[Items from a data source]
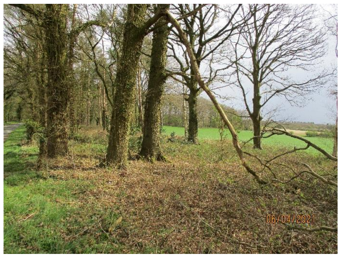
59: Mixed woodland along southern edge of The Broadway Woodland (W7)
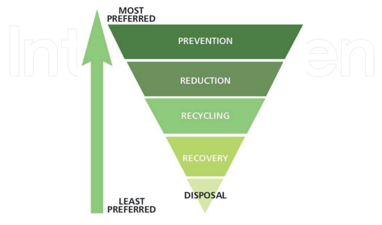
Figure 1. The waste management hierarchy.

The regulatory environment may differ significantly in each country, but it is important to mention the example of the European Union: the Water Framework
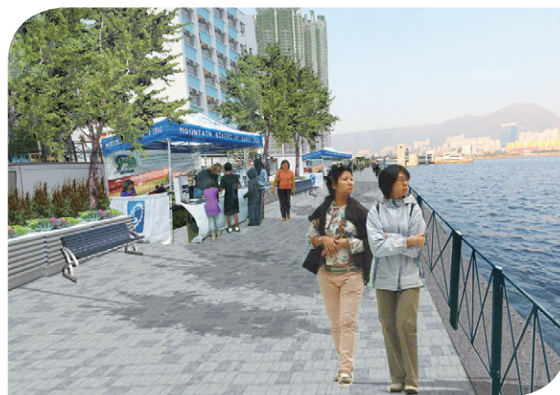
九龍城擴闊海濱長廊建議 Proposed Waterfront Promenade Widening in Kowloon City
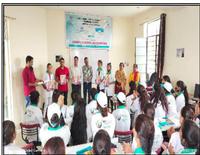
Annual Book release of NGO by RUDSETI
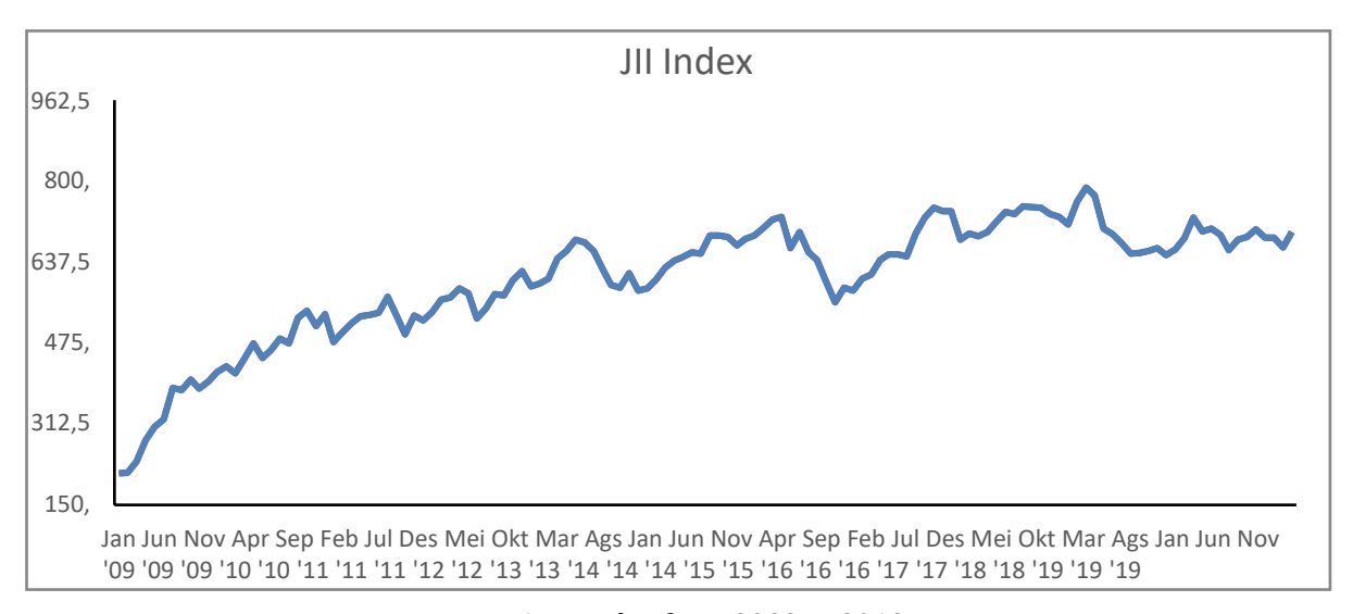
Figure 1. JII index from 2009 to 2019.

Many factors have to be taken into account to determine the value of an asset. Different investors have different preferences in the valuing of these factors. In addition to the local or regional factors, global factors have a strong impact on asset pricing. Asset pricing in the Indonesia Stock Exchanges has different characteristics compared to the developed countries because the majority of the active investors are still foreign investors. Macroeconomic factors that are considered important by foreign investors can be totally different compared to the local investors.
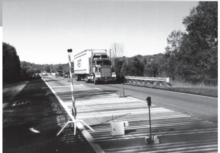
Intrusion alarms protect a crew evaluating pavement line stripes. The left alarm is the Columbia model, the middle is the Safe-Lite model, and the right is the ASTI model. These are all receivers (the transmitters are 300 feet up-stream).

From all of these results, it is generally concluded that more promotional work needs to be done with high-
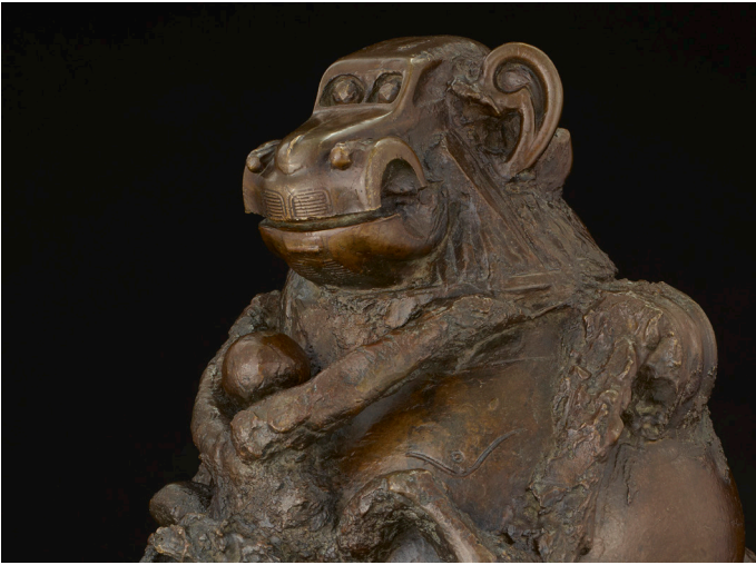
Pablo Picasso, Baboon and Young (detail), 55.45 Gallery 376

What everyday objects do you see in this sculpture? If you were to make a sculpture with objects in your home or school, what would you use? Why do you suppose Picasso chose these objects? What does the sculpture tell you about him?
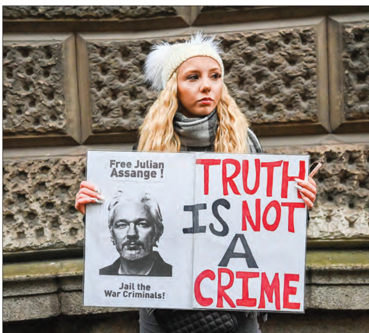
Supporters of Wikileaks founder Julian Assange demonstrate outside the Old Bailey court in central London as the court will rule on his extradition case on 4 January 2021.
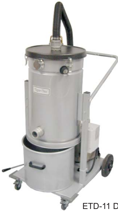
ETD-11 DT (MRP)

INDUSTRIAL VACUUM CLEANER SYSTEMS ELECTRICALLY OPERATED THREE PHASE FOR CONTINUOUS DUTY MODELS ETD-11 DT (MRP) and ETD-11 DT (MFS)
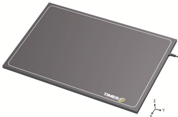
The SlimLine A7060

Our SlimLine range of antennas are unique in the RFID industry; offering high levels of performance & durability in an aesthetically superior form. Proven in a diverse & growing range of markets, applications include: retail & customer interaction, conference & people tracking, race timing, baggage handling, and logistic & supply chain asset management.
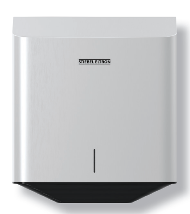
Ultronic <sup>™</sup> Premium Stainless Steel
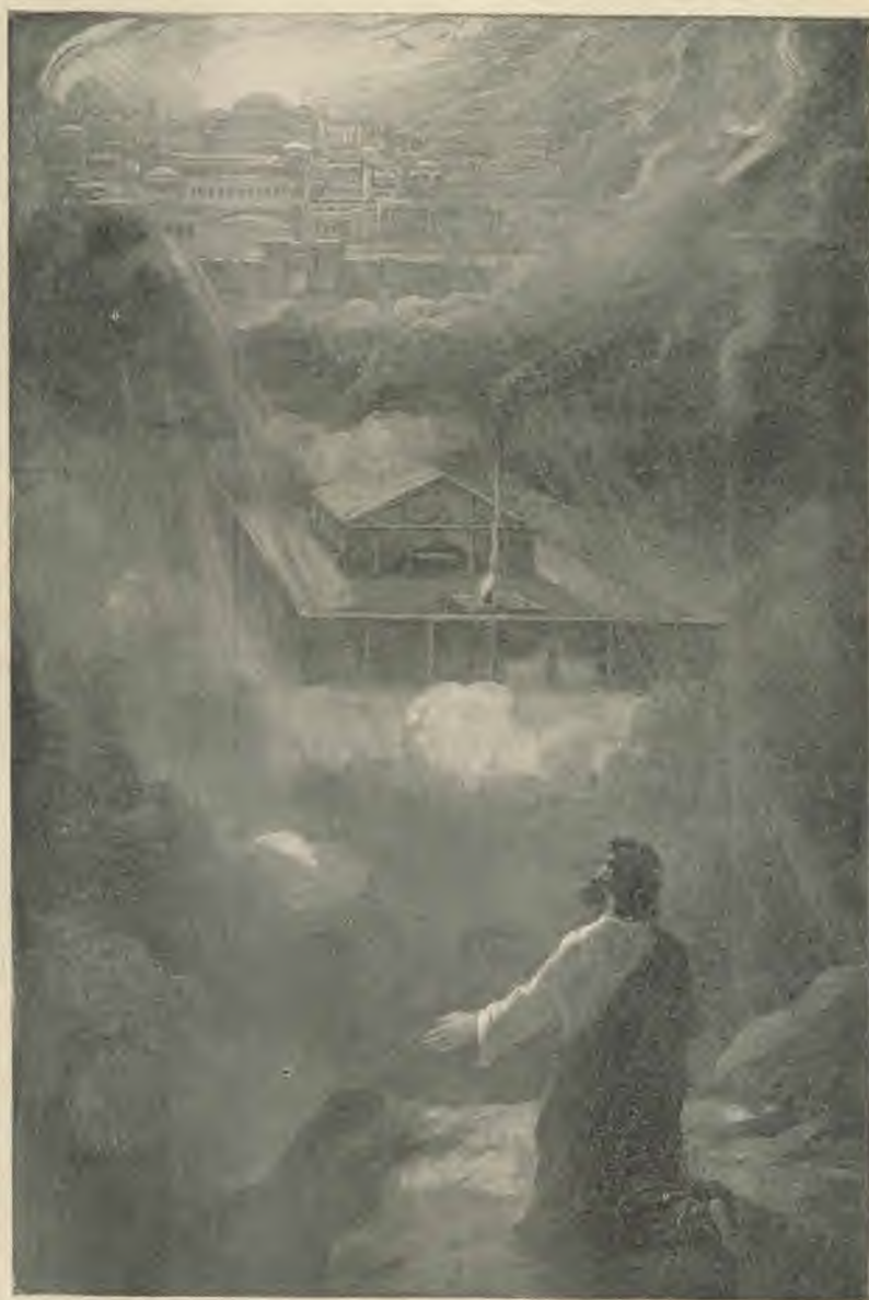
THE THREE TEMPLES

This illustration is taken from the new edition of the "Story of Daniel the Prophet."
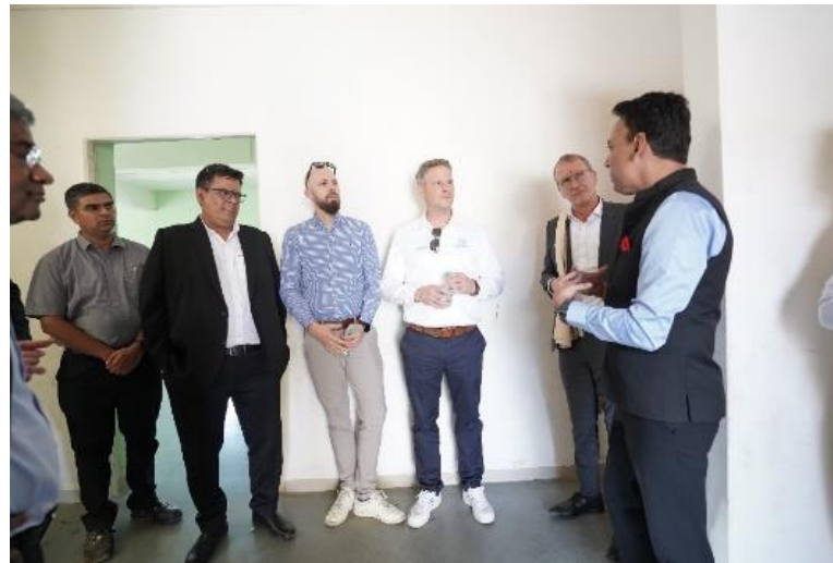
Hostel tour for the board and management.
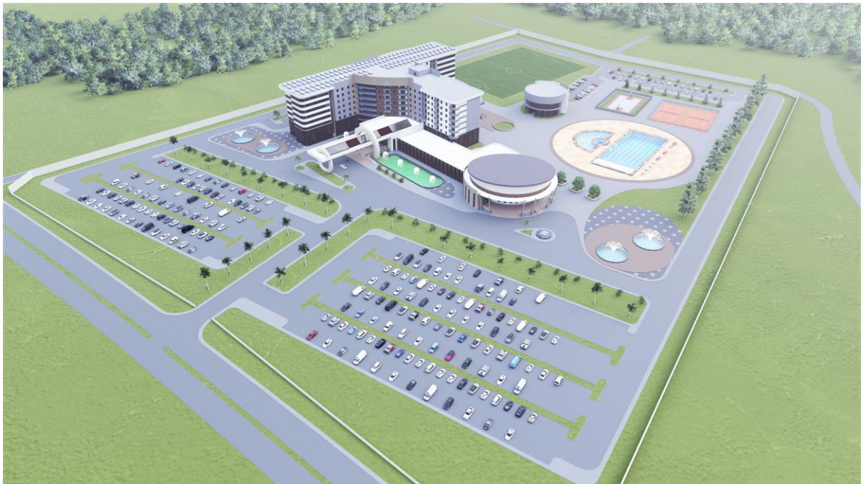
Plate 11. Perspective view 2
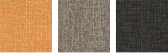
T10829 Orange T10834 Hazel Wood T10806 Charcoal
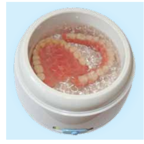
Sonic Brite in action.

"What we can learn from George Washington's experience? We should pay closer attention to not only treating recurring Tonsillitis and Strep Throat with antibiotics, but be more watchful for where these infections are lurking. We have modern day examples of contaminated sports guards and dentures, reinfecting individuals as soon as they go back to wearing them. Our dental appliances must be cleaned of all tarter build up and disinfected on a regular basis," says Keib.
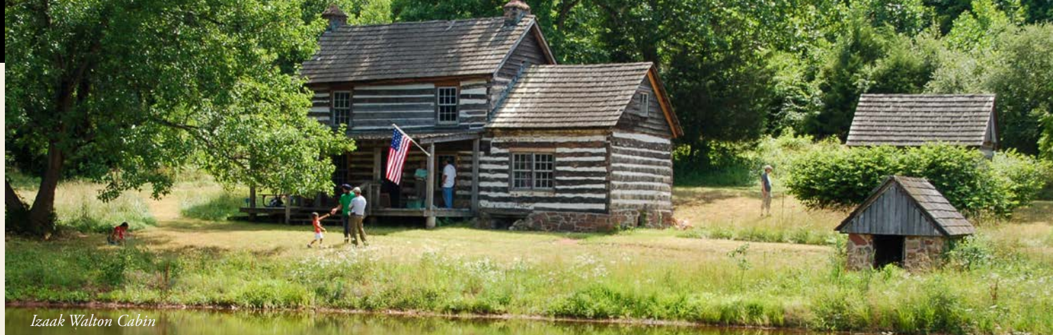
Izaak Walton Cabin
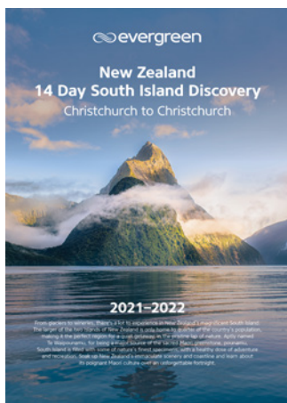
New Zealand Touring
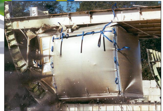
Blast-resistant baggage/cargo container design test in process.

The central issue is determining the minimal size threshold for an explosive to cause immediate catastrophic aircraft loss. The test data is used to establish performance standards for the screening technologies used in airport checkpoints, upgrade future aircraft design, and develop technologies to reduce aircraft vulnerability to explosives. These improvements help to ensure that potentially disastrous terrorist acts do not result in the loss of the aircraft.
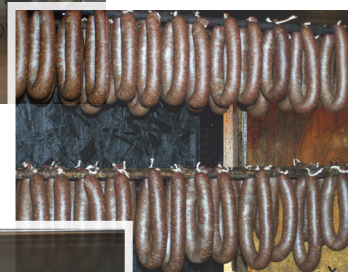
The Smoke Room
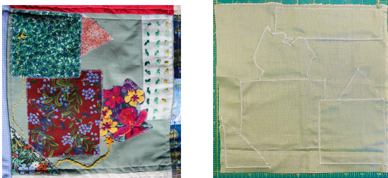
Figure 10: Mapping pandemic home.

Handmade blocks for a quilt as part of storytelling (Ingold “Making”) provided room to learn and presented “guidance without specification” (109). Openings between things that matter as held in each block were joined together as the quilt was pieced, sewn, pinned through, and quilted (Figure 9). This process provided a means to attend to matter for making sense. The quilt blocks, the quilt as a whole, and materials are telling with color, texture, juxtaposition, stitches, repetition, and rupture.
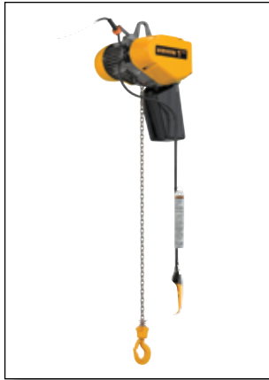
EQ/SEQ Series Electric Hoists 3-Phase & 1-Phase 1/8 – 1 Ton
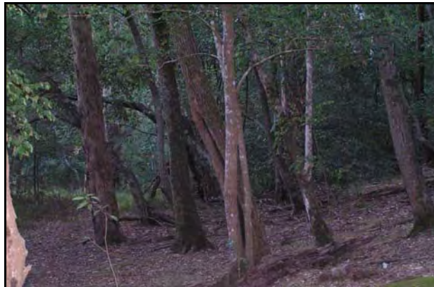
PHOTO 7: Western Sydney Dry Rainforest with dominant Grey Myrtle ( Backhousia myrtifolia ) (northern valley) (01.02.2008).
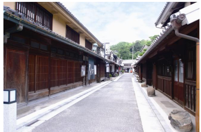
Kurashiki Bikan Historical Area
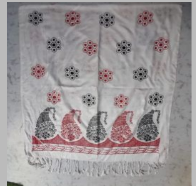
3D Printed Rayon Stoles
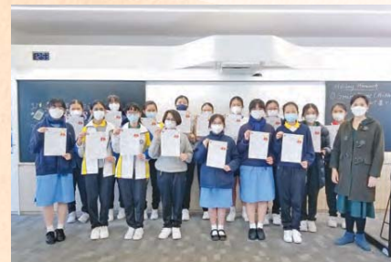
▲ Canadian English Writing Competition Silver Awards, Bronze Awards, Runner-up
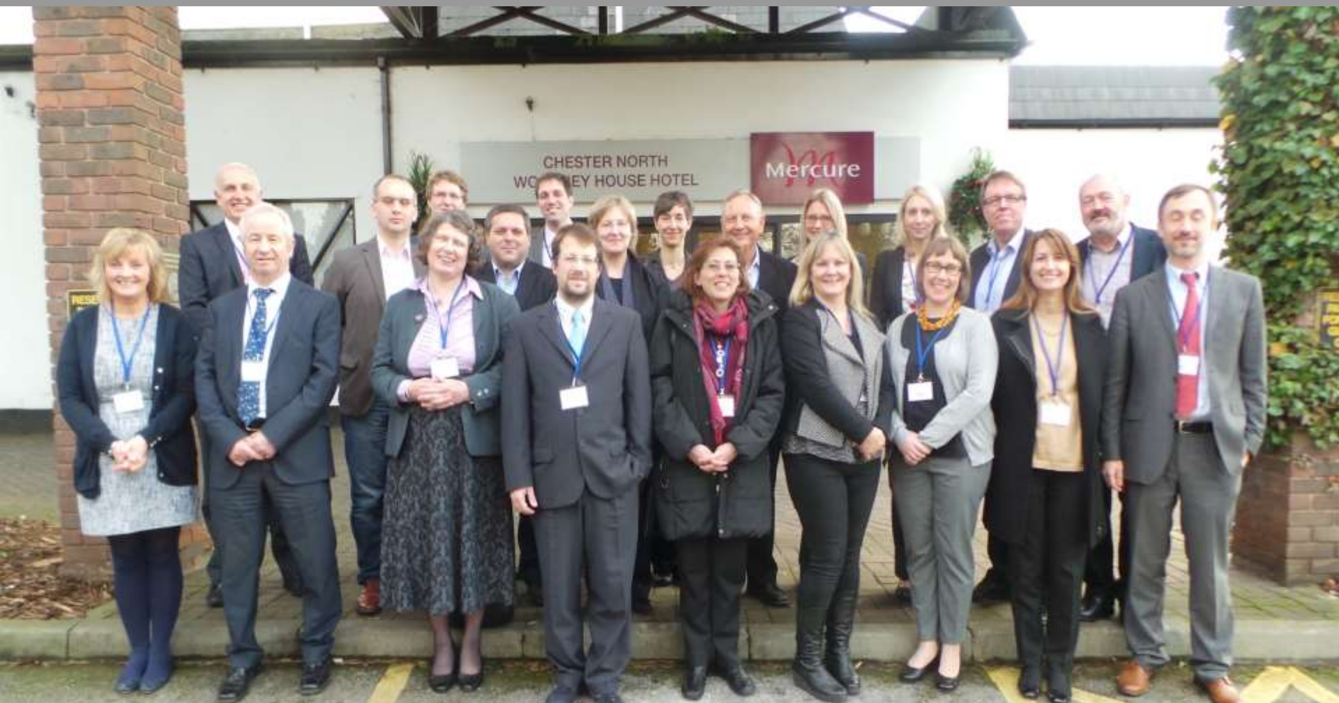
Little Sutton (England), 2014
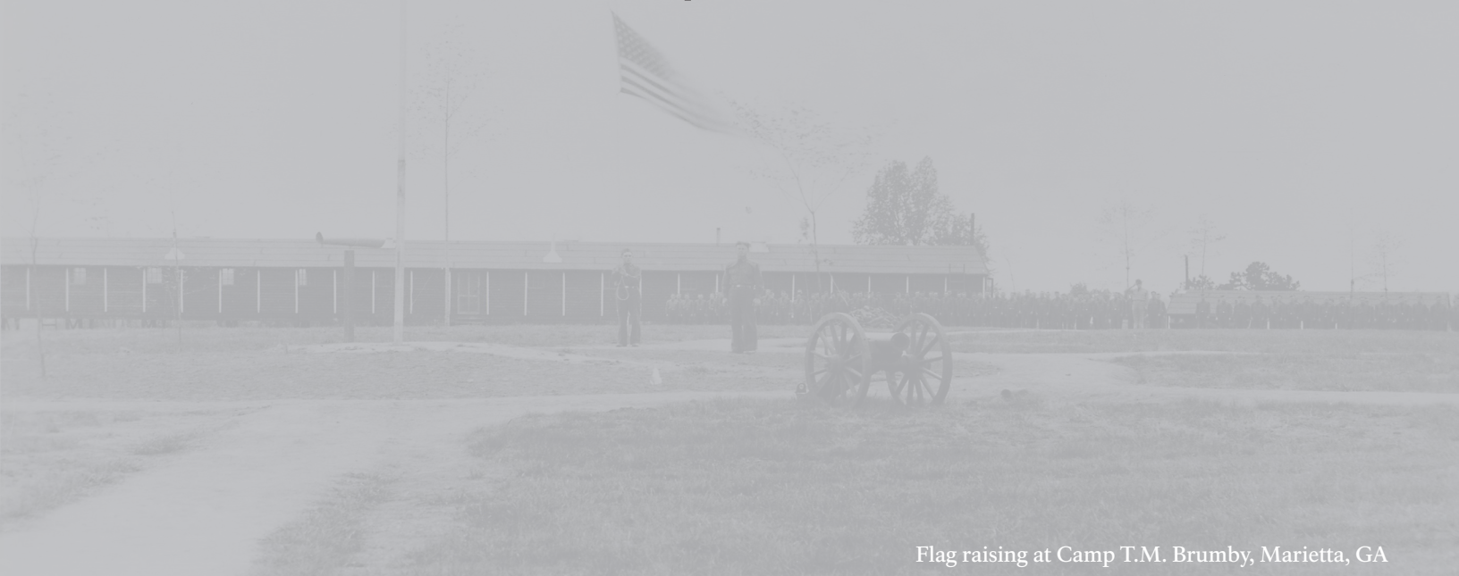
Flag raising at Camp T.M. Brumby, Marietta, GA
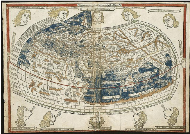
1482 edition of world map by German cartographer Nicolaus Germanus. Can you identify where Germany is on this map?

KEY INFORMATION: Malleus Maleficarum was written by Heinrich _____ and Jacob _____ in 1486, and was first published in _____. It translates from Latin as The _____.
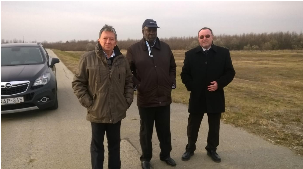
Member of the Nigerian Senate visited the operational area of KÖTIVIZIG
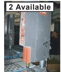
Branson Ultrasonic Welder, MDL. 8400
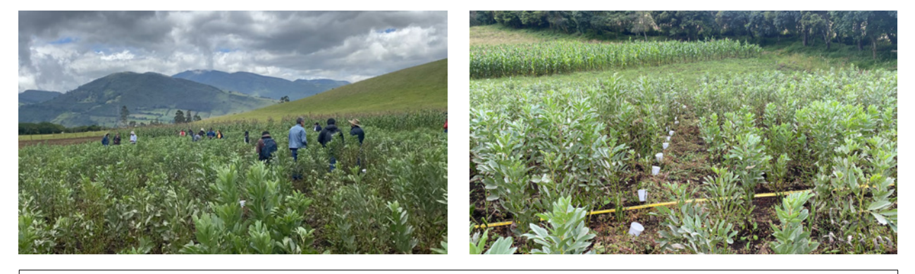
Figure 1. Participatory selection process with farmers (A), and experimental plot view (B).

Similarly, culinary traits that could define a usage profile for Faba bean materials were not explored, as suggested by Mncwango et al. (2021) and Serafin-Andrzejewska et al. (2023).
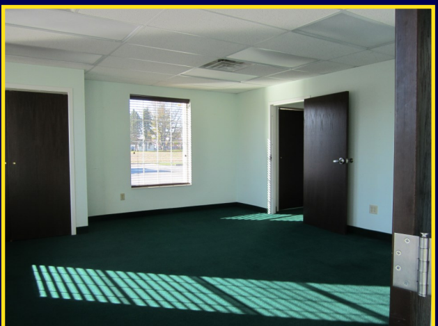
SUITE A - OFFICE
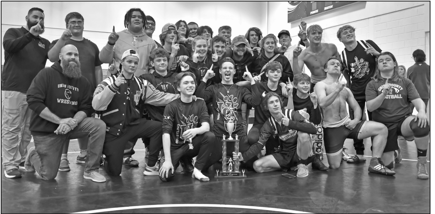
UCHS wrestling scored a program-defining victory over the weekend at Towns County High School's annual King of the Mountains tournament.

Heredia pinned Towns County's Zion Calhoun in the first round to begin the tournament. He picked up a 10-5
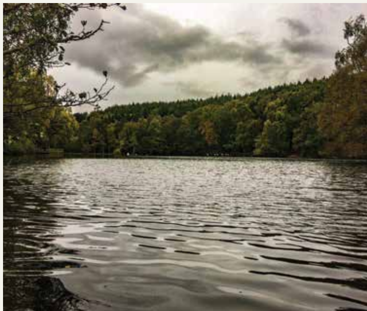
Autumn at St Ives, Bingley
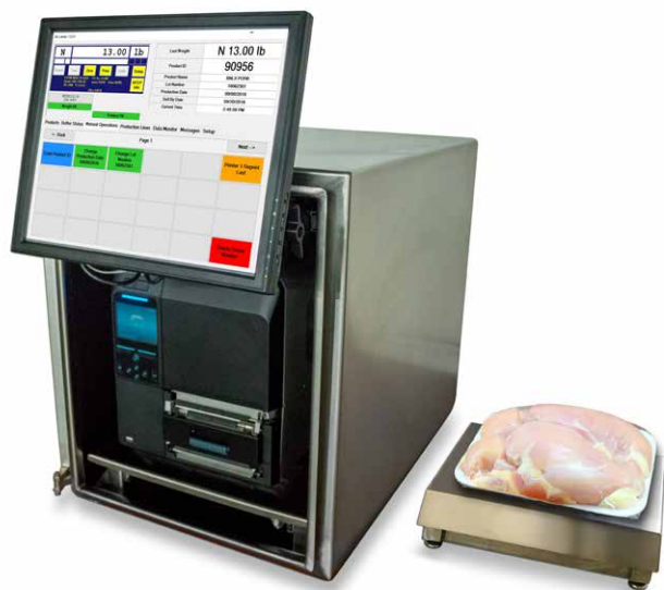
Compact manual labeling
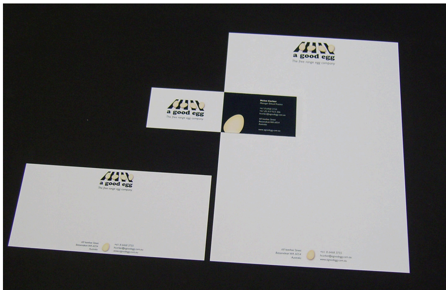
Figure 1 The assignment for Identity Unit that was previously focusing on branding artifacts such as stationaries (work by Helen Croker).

■ Work order ■
Across the records above, how many lines contain the word "baggage"? Give the number by itself.

■ Response box ■
2